Reviewed by Gail M. Burns, December, 2007

But I am sure I have always thought of Christmas Time…as a good time; a kind, forgiving, charitable, pleasant time; the only time I know of, in the long calendar of the year, when men and women seem by one consent to open their shut-up hearts freely, and to think of people below them as if they really were fellow-passengers to the grave, and not another race of creatures bound on other journeys.

– Charles Dickens

I went to see and review the Berkshire Theatre Festival’s production of A Christmas Carol for a second year in a row to see what had changed and what had remained the same. The BTF has announced this as a new holiday tradition in the making, so I needed to learn whether their tradition was to present a different production of A Christmas Carol every December, or to develop one that stayed essentially the same. As I had suspected, the latter is the case.

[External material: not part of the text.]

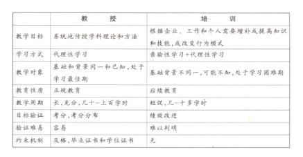 培训是一种学习,它与学校的教授虽同属学习,但是有很大的区别,我们可以将二者的区别归纳于下表: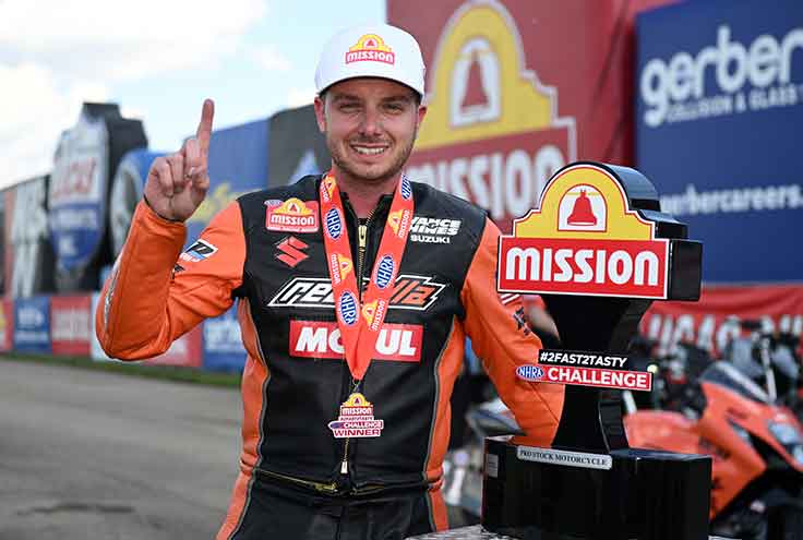 Defending Pro Stock Motorcycle Gaige Herrera stayed perfect in the Mission #2Fast2Tasty Challenge in 2024, winning for the third straight time with a run of 6.733 at 201.16 on his RevZilla/Mission Foods/Vance & Hines Suzuki. The victory came against teammate Richard Gadson, making it a win-win for the team, but Herrera has been nearly impossible to beat since last year. He'll look for yet another double-up weekend on Sunday, pleased with how the bike ran in the heat on Saturday at Route 66 Raceway.

Because this year’s production looks and feels very much like last year’s, including many of the same actors in the same roles, I am going to refer you to my 2006 review for several reasons, most important of which is that I, personally, can’t stand A Christmas Carol but last year the novelty of this fine production caught me up and allowed me to enjoy and even feel enthusiasm for a story that usually sends me screaming. This year I was ready to bludgeon Tiny Tim with his crutch again, which is no reflection on the repeat performance of 5th grader Nate Stump, but of my own personal tastes.

If you like A Christmas Carol, and millions of people do, this adaptation by Eric Hill, starring Hill as Scrooge, and directed by Hill and E. Gray Simons III, is an excellent one, dare I even say a definitive one, and everything I liked about it last year I was right to like.

One thing I didn’t like about it last year – an unfortunate false nose that Hill chose to wear – was blessedly gone. And one thing I loved about it last year – the talented violinist Naya Chang performing the score live – was gone too. Twelve year old Jahna Stanton was the violinist this year, and she performed admirably for her tender years, but without Chang’s unique spark and the confidence that comes with age and experience.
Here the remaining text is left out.